Er ging mit kurzem Gruße. Auch die Grenzer beurlaubten sich, und der Fremde wandte sich dem Nußbaume zu, wo indessen bereits ein Dienstmädchen sich eingefunden hatte, den Tisch zu decken und für das Mittagsmahl zu rüsten. Das Fräulein war noch immer eifrig mit der Zeichnung beschäftigt; als die Magd ihr Geschäft beendigt hatte, trat sie zutraulich hinter die Künstlerin und besah über deren Schulter das entstehende Bild des Thales – ein Vorwurf, welcher des darauf verwendeten Eifers und Fleißes, wohl würdig war und den sinnigen Geschmack des Fräuleins bewies.

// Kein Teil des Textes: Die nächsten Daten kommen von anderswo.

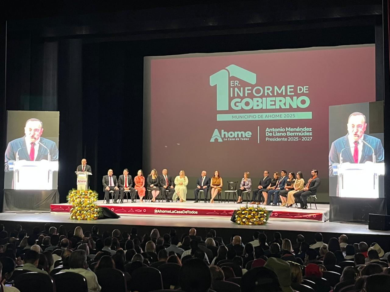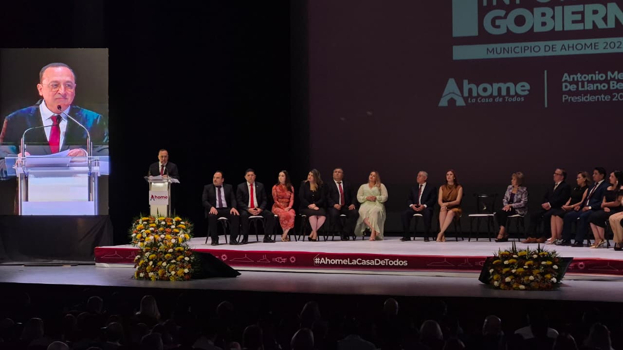 Los Mochis, Sin.- El alcalde de Ahome, Antonio Menéndez de Llano Bermúdez, rindió su primer Informe de Gobierno a la sociedad ahomense en el evento realizado este martes 28 de octubre en el Teatro Ingenio.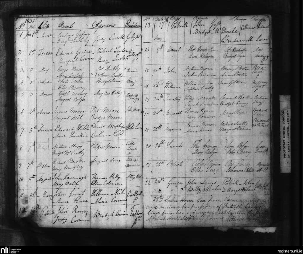 Carlow; County of Carlow, Kildare; Diocese of Kildare and Leighlin. Baptisms, Jan. 1835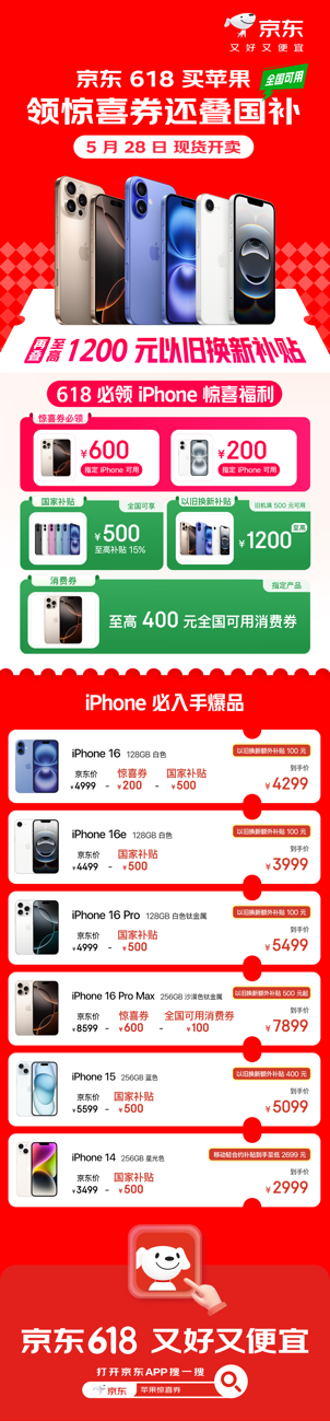 真正的618,从5月30日晚8点开启!无论你是想入手iPhone、iPad还是Mac,在京东都有心动的价格。想要快速入手的果粉们,记得每晚8点打开京东搜索“苹果惊喜券”在活动会场抢1200元以旧换新券,千万别错过。
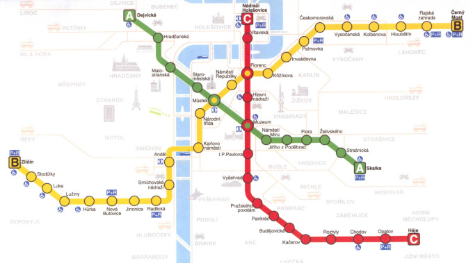 ↓布拉格市区地铁图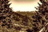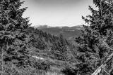Panoramic view of evergreen mountain forest with distant peaks under clear blue sky, natural wilderness landscape for hiking and travel.

Die sich über dem Heckenzaune ausbreitende Landschaft war so schön in den Hauptlinien, so reich an wechselnden Gegensätzen und doch so übereinstimmend zu einem Ganzen abgerundet, daß man wohl weit wandern und suchen mochte, um ein ebenbürtiges Seitenstück zu finden. Eine schöne farbenhelle Ebene mit Saaten, Wiesen und braunem Ackerlande zog sich breit dahin mit kleinen Baumgruppen, Gebüschen und kleinen Waldstreifen wie mit Sträußern besteckt; getheilt und durchblitzt von dem mächtigen Strome und all den Altwässern und Nebenbächen, mit denen er sich durch die bebuschten Auen dahin wand, umfangen

Empfohlene Zitierweise:
Verschiedene: Die Gartenlaube (1878). Leipzig: Ernst Keil, 1878, Seite 457. Digitale Volltext-Ausgabe bei Wikisource, URL: https://de.wikisource.org/w/index.php?title=Seite:Die_Gartenlaube_(1878)_457.jpg&oldid=- (Version vom 9.3.2019)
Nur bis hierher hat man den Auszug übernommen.